Ashley Kronebusch, Staff Writer
Anyone who has been in a big, public space after it was closed off knows what a surreal and liminal experience it can be. Hallways and galleries that normally overflow with people take on a haunting, yet strangely calming atmosphere when empty. It is in this feeling that Cats of the Louvre, a graphic novel by Taiyo Matsumoto, steeps itself, basking in the off-kilter world of the Louvre after dark.
Cats of the Louvre tells two intertwining stories, each painting the museum in a different light. First is the human story of the museum tour guide, Cécile, after she encounters an old night watchman who asks her if she has “ever heard the voices of the paintings.” The second story is of the titular cats who live in an attic above the museum and the runt Snowbébé, who can disappear into paintings.
Eisner Award-winning graphic novelist Taiyo Matsumoto’s distinct style is immediately recognizable in Cats of the Louvre, combining beautiful detailed backgrounds with expressively charlotte character art. Although Matsumoto’s art is realistic, it also has a wonderfully gestural quality to it, abandoning more traditional cleanliness for greater expression and emotion. This style gives the whole work a larger than life, yet ethereal quality. On the whole, Cats of the Louvre is a technical tour de force, as Matsumoto shows off his incredible understanding of lighting and value.

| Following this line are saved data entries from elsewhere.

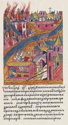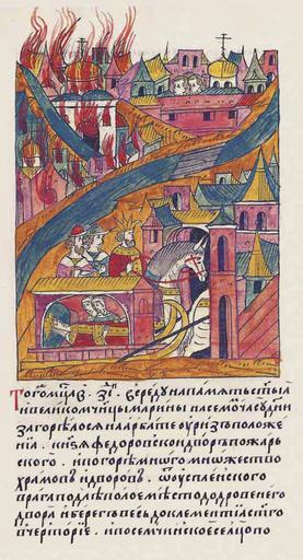 Keywords: Facial Chronicle - b.23, p. 244.jpg Лицевой летописный свод В том же месяце в 17 день в с еду на память святой великомученицы а ины в седьмом часу дня заго елся на А бате у це кви Риз Положения дво князя Федо а Пожа ского И пого ело многое множество х амов и дво ов от Успенского ов ага подле отк ытого места до д овяного дво а и бе ег весь до це кви святого Клементия в Че то ье и по Семчинское сельцо и до це кви П ечистой на огилицах и А бат весь и за А бат по овинский монасты ь А ца ица и великая княгиня Анастасия в то в емя была больна и ца ь и великий князь великую княгиню п оводил в свое село в Коломенское с большим т удом потому что болезнь ее была очень тяжела http //www runivers ru/bookreader/book482205/ page/17/mode/1up century 16 anonimus Facial Chronicle v 9 - Sinodalniy tom 1533-1542; 1553-1567 Files uploaded by Shakko from various sources PD-Art Fires in Moscow Anastasia Romanovna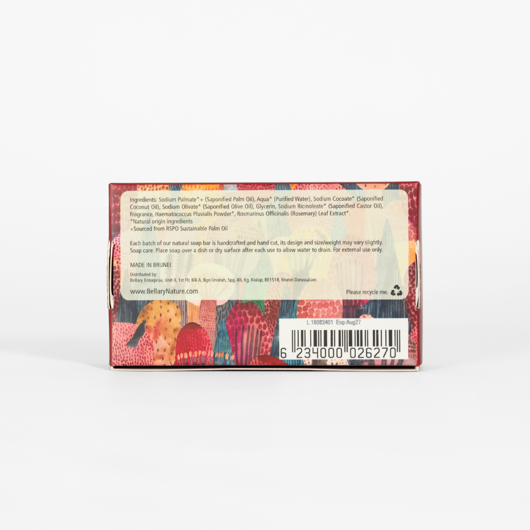 | Ingredients / Composition | Ingredients: Elaeis Guineensis (Palm) Oil*+, Aqua* (Purified Water), Cocos Nucifera (Coconut) Oil*, Olea Europaea (Olive) Fruit Oil*, Sodium Hydroxide, Ricinus Communis (Castor) Seed Oil*, Fragrance, Haematococcus Pluvialis Oil*, Rosmarinus Officinalis (Rosemary) Leaf Extract*. |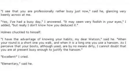 Это всего лишь всемирно известный лексический литературный шаблон «Elementary, (My Dear) Watson». Но в текстах Конан Дойля такой фразы не было. Был отрывок из рассказа «The Crooked Man», в котором Холмс произносит-таки часть этой фразы: ««Elementary» (Элементарно). Вот как он выглядит.

Although the story is not traditionally gripping, it makes up for it via a strong sense of atmosphere and compelling characters. Matsumoto switches between depicting the cats naturalistically and anthropomorphically, showing the sphinx cat as a long and lean pseudo-human and Snowbébé is a little boy with cat ears. This switch in style, which sometimes even happens in the middle of a page, makes these cats all the more endearing to the reader and creates room for whimsy as the humanoid cats do bizarre acrobatics to represent their feline escapades.
Cats of the Louvre is very charming, but the story is very melancholic, leaving me with a similar feeling. It deals in broad themes of existence, meaning and loss, asking questions but not giving any real answers. The book doesn’t overstay its welcome, ending at a bit over 400 pages, but I do wish it spent more time on its last act to make the conclusion feel more satisfying and less forced.
Cats of the Louvre is weird, touching, and beautiful. Through its surreal world of mysterious cats, it tells a resonant human story as provocative as it is fleeting. Cats of the Louvre is not just for cat people, or for artists, but for anyone with a curious and thoughtful heart.